Le second du commissaire Barthélémy ne laisse même pas le temps à son chef de groupe d’arriver que déjà il lui assène une question. Ange-Marie soupire, pend son manteau et vient s’affaler dans le fauteuil qui est le sien, derrière son bureau recouvert de chemises cartonnées portant toutes le nom « An-Naziate » inscrit en gros, au marqueur noir, au-dessus du nom d’une ville d’Europe.

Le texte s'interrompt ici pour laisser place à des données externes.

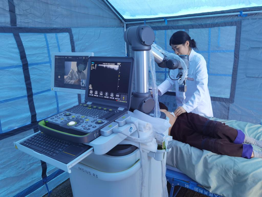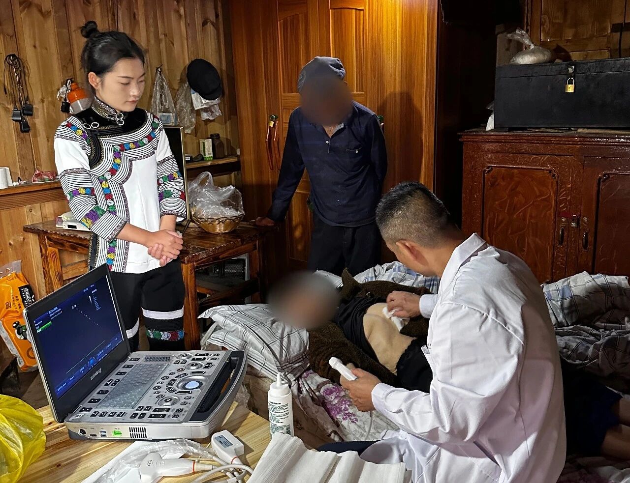 为做好义诊工作,专家队特意携带了移动心电图检查设备、远程移动超声检查设备以及丰富的药品等医疗物资。在中山大学旅游学院学生协助下,医疗队迅速搭建起义诊帐篷,设立多个诊疗台,运用远程超声连线身在广州中山大学附属第一医院超声科主治医师龙海怡通过远程操作,为村民开展专业优质的超声检查。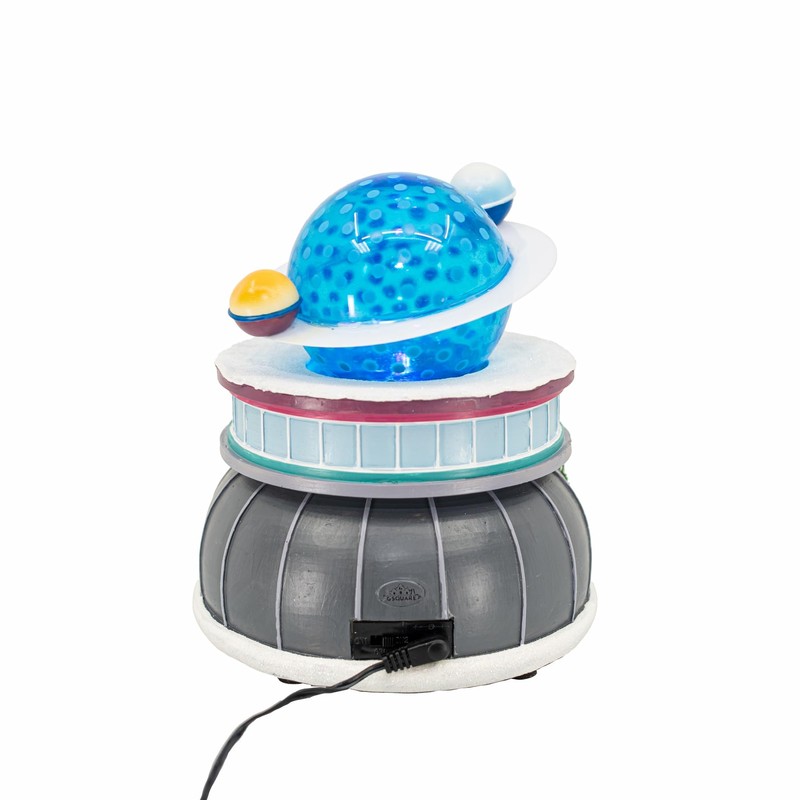 - Animated Saturn and Moons: Sitting atop the planetarium is a beautifully detailed blue Saturn-like planet with a ring, along with two orbiting moons. The structure animates with a graceful spinning motion, adding a dynamic and space-inspired element to your Christmas village display platforms.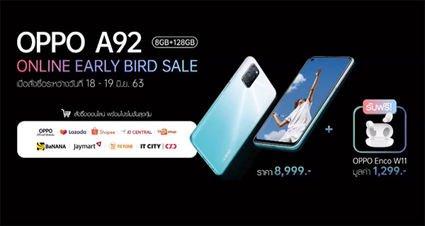 OPPO A92 เปิดราคาทางการที่ 8,999 บาท กับตัวเลือก 2 สี ได้แก่ Twilight Black และ Shining White โดยผู้ที่สั่งซื้อ OPPO A92 แบบ Online Early Bird Sale ในระหว่างวันที่ 18 - 19 มิถุนายนนี้จะได้รับฟรี OPPO Enco W11 หูฟังไร้สายรุ่นใหม่ล่าสุดมูลค่า 1,299 บาท

Christian Tresch trépigne d’impatience. C’est un grand homme encore ferme et musclé bien qu’il frise la soixantaine. Il lisse sa moustache grise en attendant la réponse.
« C’est bien eux, oui ! confirme l’Archange. Enfin, j’en suis certain à quatre-vingt-dix pour cent. Ça sent leurs méthodes à plein nez. Du travail propre, rapide, expéditif. Et les cibles étaient toutes juives.
— Et Hassan n’a pas pu te prévenir qu’ils allaient débarquer ici, chez nous, à Paris ?
— Non.
— C’est quand même dingue ! Il aurait au moins pu s’arranger pour t’informer en arrivant.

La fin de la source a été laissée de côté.